== ENTRIES PROVIDED ==
━━━━━━━━━━━━━━━━━━━━━━━━━━━━━━

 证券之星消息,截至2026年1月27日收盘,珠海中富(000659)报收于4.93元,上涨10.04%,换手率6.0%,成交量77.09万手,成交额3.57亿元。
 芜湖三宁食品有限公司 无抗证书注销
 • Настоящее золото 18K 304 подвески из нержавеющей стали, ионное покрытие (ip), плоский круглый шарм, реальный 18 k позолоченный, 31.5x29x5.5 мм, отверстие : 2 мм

━━━━━━━━━━━━━━━━━━━━━━━━━━━━━━

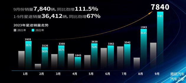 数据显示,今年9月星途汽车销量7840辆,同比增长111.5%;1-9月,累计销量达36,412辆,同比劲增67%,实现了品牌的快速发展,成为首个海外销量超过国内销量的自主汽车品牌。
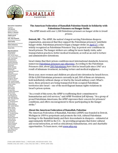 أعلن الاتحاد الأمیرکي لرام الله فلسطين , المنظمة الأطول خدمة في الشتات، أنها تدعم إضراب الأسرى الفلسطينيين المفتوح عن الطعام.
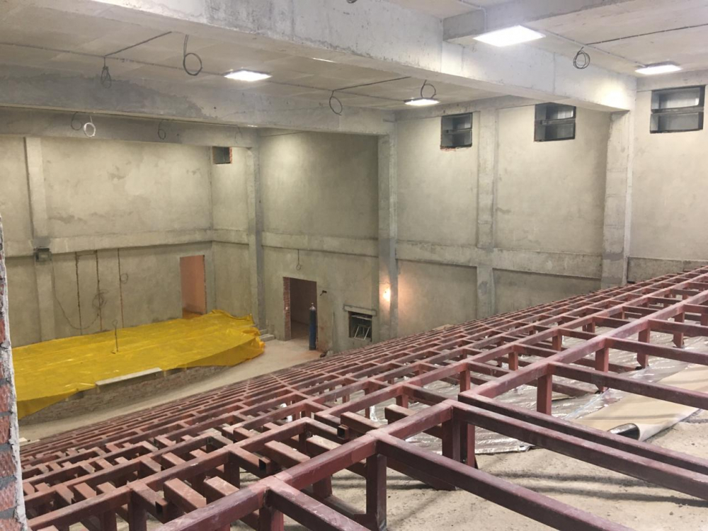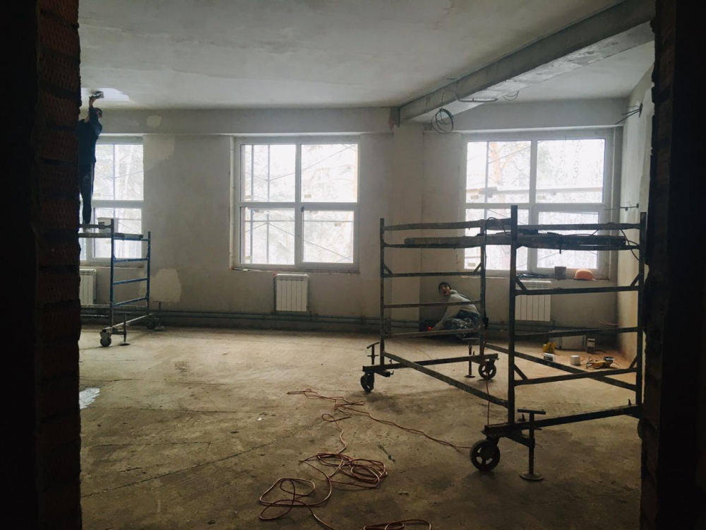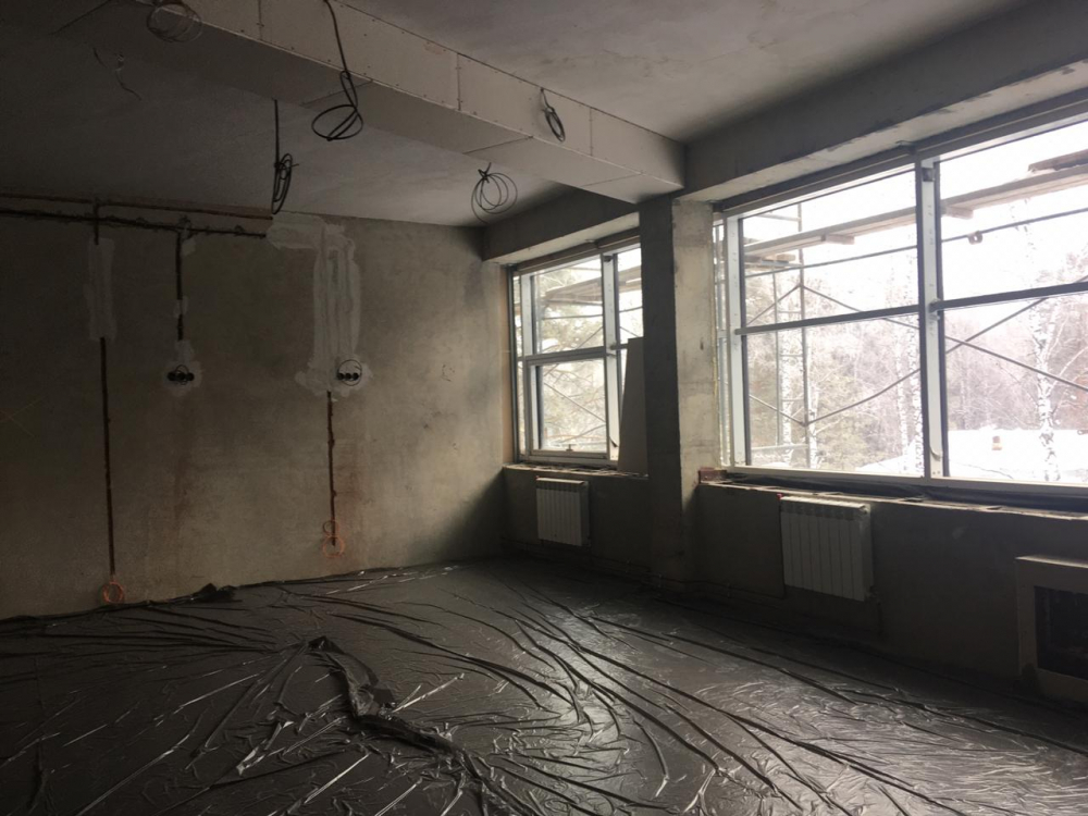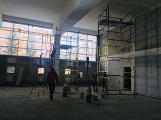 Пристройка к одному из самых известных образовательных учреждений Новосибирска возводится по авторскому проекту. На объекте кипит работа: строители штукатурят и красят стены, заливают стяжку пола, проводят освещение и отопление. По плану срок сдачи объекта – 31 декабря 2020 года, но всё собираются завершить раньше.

━━━━━━━━━━━━━━━━━━━━━━━━━━━━━━

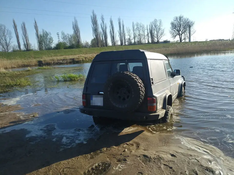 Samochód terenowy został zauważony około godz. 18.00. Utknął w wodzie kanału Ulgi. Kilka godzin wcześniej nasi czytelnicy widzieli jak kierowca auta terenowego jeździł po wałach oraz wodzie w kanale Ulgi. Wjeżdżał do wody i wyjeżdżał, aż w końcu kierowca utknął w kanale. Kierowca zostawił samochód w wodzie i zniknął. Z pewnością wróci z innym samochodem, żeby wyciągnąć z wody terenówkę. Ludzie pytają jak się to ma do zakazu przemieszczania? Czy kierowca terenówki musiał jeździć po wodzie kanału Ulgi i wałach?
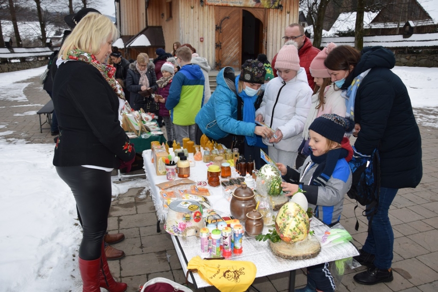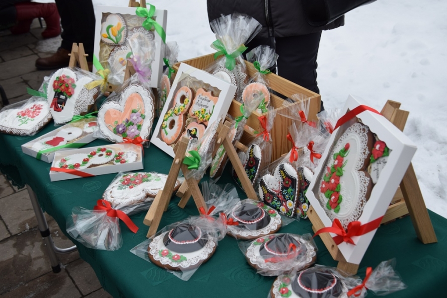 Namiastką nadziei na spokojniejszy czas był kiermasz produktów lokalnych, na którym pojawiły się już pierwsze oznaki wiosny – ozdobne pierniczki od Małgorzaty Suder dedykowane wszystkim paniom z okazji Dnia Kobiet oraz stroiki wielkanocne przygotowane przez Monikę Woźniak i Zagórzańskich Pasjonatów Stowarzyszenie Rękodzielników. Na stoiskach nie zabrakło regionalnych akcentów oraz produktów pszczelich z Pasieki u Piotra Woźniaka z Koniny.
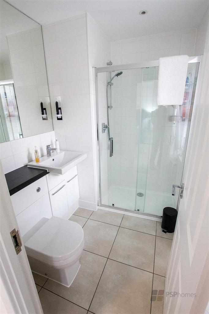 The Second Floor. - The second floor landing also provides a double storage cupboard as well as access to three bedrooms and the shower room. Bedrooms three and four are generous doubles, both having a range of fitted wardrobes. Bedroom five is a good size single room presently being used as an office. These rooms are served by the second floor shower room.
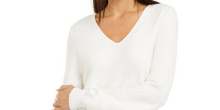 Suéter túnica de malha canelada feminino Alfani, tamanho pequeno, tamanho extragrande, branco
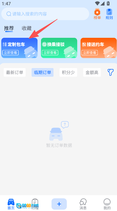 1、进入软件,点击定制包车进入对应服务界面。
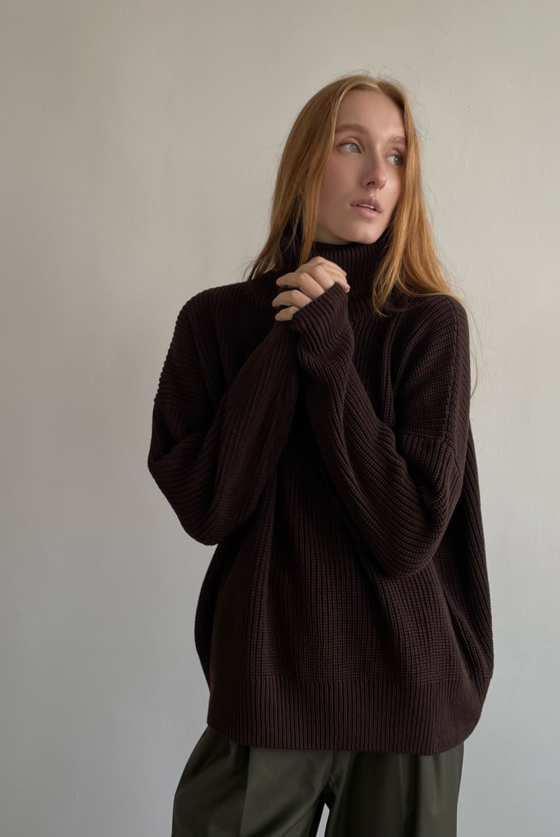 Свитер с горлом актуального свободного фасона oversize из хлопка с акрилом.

━━━━━━━━━━━━━━━━━━━━━━━━━━━━━━

== TASK OBJECTIVE ==
Nothing except the lines from the one containing "The Second Floor." through the one containing "Свитер с горлом" should appear in the answer, exactly as above and without pictures.

== WRITTEN SOLUTION ==
 The Second Floor. - The second floor landing also provides a double storage cupboard as well as access to three bedrooms and the shower room. Bedrooms three and four are generous doubles, both having a range of fitted wardrobes. Bedroom five is a good size single room presently being used as an office. These rooms are served by the second floor shower room.
 Suéter túnica de malha canelada feminino Alfani, tamanho pequeno, tamanho extragrande, branco
 1、进入软件,点击定制包车进入对应服务界面。
 Свитер с горлом актуального свободного фасона oversize из хлопка с акрилом.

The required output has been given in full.